┌─ Supplied entries

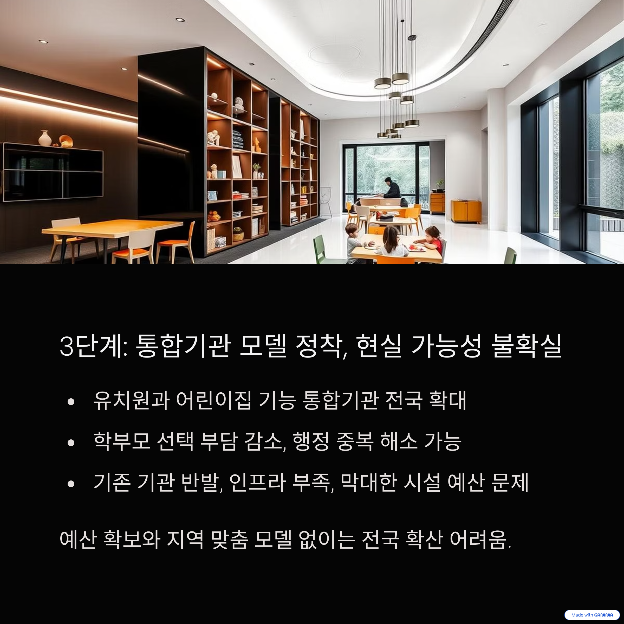 최종 단계는 제도적 기반이 완전히 마련된 이후, 전국 모든 기관을 유보통합 기준으로 운영하는 것입니다.
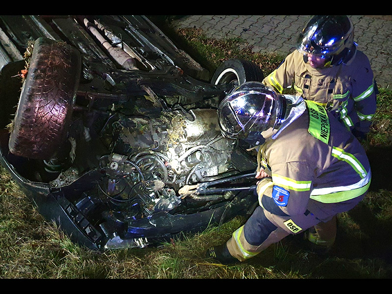 Gdy dojechaliśmy na miejsce, okazało się że w rowie, leży rozbity samochód osobowy. Samochód w trakcie wypadku dachował, a kierowca opuścił pojazd przed przybyciem służb. Na miejscu była już Policja. Odłączyliśmy akumulator i zakręciliśmy zawór na zbiorniku LPG. Na polecenie Dyżurnego Operacyjnego wróciliśmy do remizy.
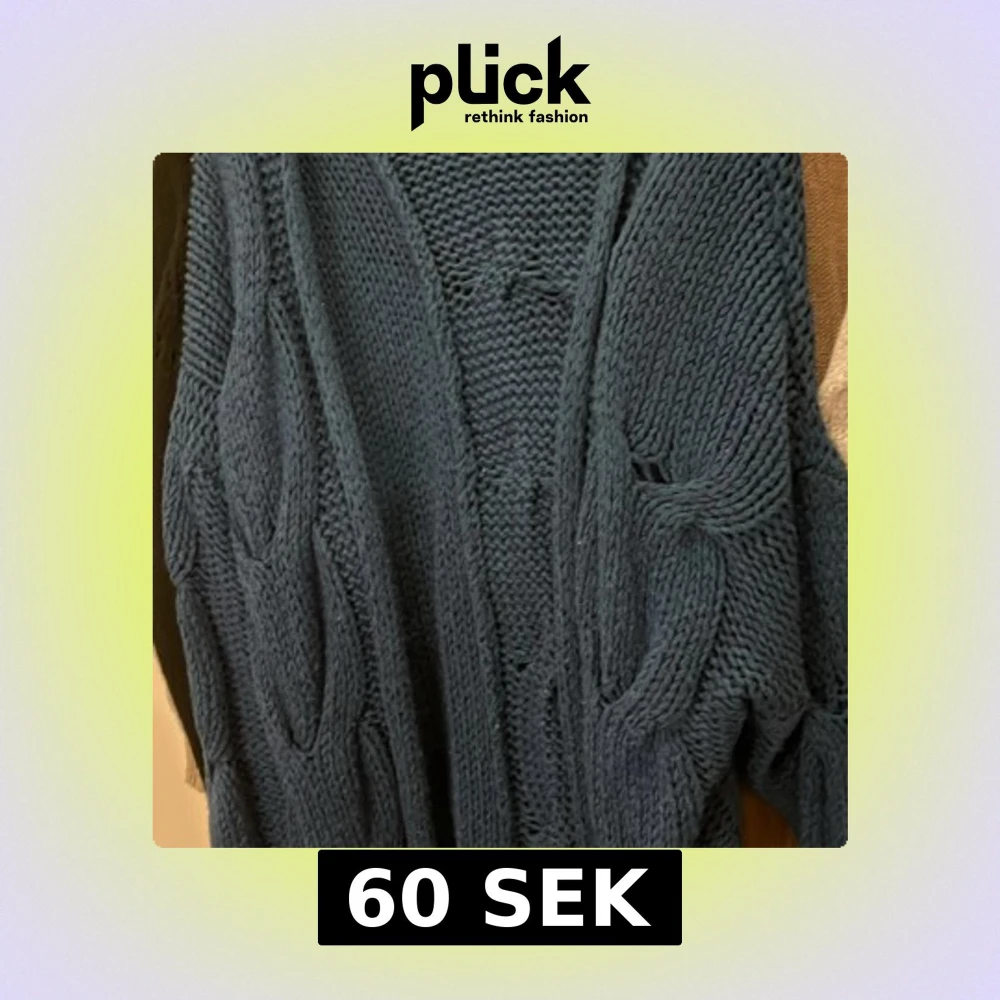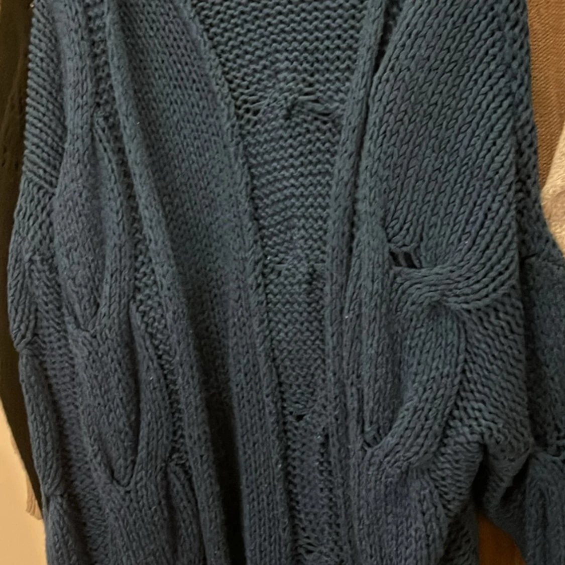 Säljer en chunky mörkblå stickad kofta med grova kabelstickade detaljer. Koftan har en öppen front och är perfekt för att slänga över en t-shirt när det är kyligt. Den har lång ärm och en mysig, oversized känsla.
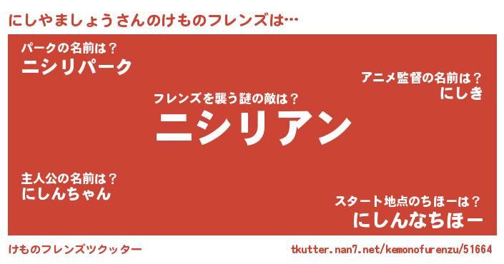 | 男性向けラノベタイトル風あだ名 | 『にしやましょう~年齢イコール彼女いない歴の魔法使い~』 |
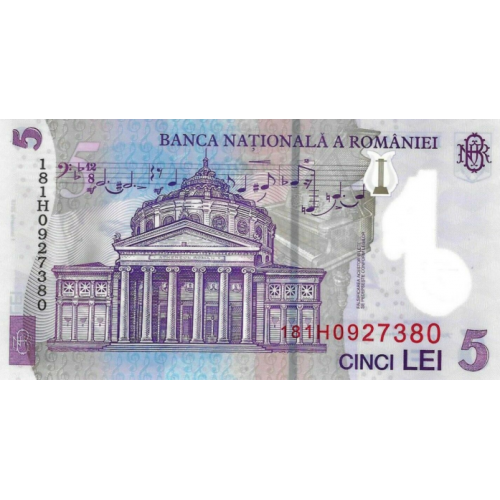 (492) Romania P118 - 5 Lei Year 2018 (New Coat of Arms)
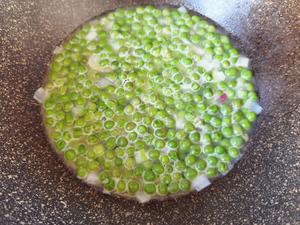During this season, I use frozen peas. I just add water and the sautéed onions, and cook for 7 minutes.
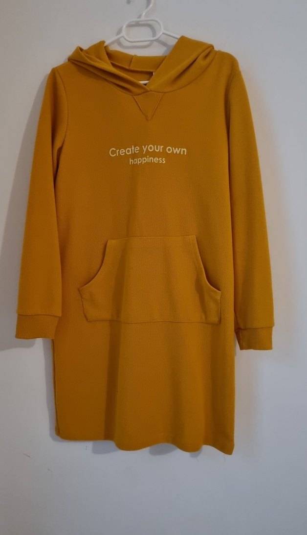 Defacto kapüşonlu sweat elbise, uzun kollu ve bol kesimdir. Önünde cepli ve "Create your own happiness" yazılı baskı vardır. Yumuşak, sıcak kumaştan üretilmiş, günlük rahat stil sunar. 10 /11 yaş için uygundur fotoğraflarda ölçüler detaylı olarak verilmiştir lütfen ölçüleri dikkate alınız. iade kabul etmiyorum. herhangi bir kusuru yoktur
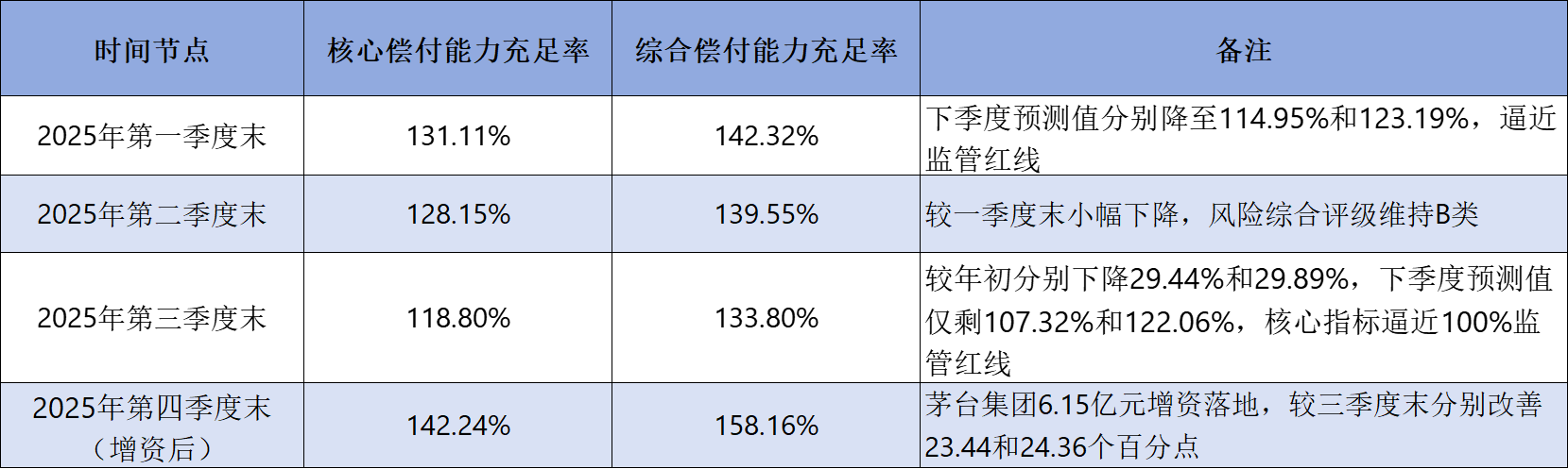 叠加《保险公司偿付能力监管规则(Ⅱ)》过渡期将于2025年底正式结束,监管对保险公司偿付能力的要求进一步收紧,资本压力从"宽松"走向"硬约束"。以及2025年年初启动的25至45亿元大规模募资计划屡屡延期,危急时刻,茅台集团四季度的增资缓解了华贵人寿的燃眉之急。
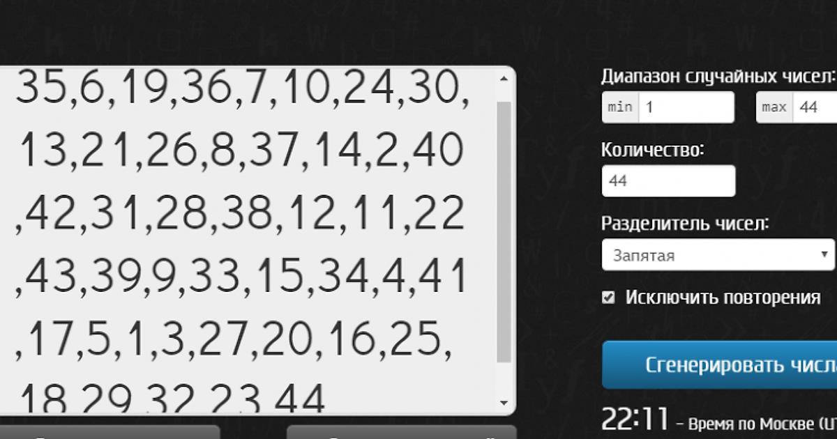 Жеребьевка команд при помощи сайта с программой генератор случайных чисел. Змейкой. Первый выпавший номер, а также 22-й, 23-й и 44-й - команда №1. Команда №2: 2-й выпавший номер, 21-й, 24-й и 43-й. И т.д.

└─

Only the lines that lie between the start of the listing and the line containing "Säljer en chunky", both included, belong in the answer; write them out exactly and omit pictures.

Task solution:
 최종 단계는 제도적 기반이 완전히 마련된 이후, 전국 모든 기관을 유보통합 기준으로 운영하는 것입니다.
 Gdy dojechaliśmy na miejsce, okazało się że w rowie, leży rozbity samochód osobowy. Samochód w trakcie wypadku dachował, a kierowca opuścił pojazd przed przybyciem służb. Na miejscu była już Policja. Odłączyliśmy akumulator i zakręciliśmy zawór na zbiorniku LPG. Na polecenie Dyżurnego Operacyjnego wróciliśmy do remizy.
 Säljer en chunky mörkblå stickad kofta med grova kabelstickade detaljer. Koftan har en öppen front och är perfekt för att slänga över en t-shirt när det är kyligt. Den har lång ärm och en mysig, oversized känsla.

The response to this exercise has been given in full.